For example, the URL of the Minecraft app (on the British App Store) is
`https://apps.apple.com/gb/app/multicraft-build-and-mine/id1174039276`,
from which one can extract the app ID `1174039276`.
[apple]: https://www.apple.com/
### App Store Entries
To start scraping an app in the App Store, create an `AppStoreEntry` instance
with an app ID and the (lowercase) ISO code of the country whose App Store
should be scraped. If the app ID is invalid or the app is not available in the
specified region, an `AppNotFound` error is raised.
The entry's `reviews()` method returns an iterator that can be used to fetch
some or all of the app reviews available through the App Store's public API.

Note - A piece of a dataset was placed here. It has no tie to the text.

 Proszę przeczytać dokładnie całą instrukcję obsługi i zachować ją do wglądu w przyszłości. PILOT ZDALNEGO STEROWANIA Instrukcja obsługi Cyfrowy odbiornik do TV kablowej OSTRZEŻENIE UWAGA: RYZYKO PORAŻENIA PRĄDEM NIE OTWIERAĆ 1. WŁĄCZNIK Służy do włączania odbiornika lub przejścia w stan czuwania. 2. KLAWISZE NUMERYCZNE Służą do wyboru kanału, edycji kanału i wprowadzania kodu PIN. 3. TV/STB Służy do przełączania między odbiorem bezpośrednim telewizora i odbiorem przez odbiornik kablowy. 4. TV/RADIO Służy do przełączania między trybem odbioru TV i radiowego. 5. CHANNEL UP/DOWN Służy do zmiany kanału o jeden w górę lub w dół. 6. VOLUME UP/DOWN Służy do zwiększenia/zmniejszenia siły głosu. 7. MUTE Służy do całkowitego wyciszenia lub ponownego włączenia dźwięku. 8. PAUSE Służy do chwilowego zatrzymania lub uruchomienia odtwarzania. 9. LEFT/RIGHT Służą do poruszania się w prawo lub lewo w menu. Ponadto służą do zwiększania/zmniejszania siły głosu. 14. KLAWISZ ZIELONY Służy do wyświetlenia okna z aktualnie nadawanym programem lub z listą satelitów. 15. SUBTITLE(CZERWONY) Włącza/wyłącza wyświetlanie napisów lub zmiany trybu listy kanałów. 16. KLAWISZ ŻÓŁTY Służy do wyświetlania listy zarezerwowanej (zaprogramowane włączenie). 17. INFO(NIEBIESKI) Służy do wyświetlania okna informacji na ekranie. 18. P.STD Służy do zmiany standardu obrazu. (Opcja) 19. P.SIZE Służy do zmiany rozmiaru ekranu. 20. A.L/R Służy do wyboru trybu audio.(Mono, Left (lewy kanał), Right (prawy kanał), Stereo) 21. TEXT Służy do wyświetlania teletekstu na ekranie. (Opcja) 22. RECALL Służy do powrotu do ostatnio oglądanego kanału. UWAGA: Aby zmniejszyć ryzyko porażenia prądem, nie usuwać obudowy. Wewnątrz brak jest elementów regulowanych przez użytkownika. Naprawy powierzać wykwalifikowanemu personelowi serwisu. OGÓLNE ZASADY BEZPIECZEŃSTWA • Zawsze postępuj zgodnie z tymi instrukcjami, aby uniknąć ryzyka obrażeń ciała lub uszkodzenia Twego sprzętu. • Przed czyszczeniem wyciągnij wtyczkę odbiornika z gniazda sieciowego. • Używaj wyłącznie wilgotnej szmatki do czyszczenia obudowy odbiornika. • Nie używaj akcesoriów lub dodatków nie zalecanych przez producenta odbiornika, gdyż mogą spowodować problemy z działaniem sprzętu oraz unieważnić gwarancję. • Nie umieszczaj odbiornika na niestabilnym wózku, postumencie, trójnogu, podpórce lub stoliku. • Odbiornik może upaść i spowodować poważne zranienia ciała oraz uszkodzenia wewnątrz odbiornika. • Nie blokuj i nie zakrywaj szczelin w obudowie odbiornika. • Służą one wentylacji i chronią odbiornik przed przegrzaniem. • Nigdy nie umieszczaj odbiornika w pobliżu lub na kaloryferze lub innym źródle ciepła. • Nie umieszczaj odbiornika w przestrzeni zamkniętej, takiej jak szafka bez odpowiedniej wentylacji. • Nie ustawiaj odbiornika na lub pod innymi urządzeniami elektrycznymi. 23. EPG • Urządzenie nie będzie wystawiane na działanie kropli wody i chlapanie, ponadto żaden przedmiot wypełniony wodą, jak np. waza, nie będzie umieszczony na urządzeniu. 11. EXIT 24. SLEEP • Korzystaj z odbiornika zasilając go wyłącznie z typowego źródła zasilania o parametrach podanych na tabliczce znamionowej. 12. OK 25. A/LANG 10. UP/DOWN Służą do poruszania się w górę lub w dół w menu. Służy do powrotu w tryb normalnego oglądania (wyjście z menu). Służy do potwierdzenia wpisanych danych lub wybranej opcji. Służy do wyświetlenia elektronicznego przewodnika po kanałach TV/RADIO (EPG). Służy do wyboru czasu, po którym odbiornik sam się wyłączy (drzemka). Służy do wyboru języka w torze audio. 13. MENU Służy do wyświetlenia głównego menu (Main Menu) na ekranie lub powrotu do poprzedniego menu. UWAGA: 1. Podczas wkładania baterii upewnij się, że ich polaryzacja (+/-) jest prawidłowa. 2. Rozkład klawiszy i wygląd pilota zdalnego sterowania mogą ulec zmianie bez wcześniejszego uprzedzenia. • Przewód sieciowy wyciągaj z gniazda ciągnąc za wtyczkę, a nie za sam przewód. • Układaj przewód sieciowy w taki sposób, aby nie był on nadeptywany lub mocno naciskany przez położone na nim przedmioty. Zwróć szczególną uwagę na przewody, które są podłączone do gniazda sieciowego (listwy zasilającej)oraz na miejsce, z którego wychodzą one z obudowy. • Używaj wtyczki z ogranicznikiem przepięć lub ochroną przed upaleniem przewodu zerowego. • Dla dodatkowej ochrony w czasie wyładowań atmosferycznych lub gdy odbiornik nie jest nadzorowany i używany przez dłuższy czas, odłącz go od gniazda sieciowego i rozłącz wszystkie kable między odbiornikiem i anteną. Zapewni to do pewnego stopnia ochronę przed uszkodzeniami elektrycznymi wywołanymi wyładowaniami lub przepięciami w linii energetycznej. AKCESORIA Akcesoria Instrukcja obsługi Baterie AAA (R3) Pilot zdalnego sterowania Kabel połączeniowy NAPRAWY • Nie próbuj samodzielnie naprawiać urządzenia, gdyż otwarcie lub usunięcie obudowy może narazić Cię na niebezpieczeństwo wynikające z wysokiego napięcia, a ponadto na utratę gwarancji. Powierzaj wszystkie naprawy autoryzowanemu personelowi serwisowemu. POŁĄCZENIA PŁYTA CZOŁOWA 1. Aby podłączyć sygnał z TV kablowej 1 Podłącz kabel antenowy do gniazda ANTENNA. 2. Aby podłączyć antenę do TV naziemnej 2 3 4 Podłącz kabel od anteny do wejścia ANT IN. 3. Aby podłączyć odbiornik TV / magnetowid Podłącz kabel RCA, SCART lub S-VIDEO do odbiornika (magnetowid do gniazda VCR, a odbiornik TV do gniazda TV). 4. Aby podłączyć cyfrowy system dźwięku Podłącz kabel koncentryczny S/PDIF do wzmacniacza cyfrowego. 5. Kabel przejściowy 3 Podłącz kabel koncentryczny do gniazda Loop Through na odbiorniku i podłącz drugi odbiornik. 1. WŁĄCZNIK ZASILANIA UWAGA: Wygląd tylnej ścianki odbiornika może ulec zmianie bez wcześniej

Note that this is usually only a small subset of all reviews that the app
received, so the number of reviews retrieved will not match the review count
displayed on the App Store page.
### App Reviews
Each review is returned as an `AppReview` object with the following attributes:
- `id`
- `date`
- `user_name`
- `rating`
- `title`
- `review`
- `developer_response` (if the developer replied)
- `id`
- `body`
- `modified`
The list of reviews split into pages by the App Store's servers, so iterating
over all reviews will regularly make a network request to fetch the next page.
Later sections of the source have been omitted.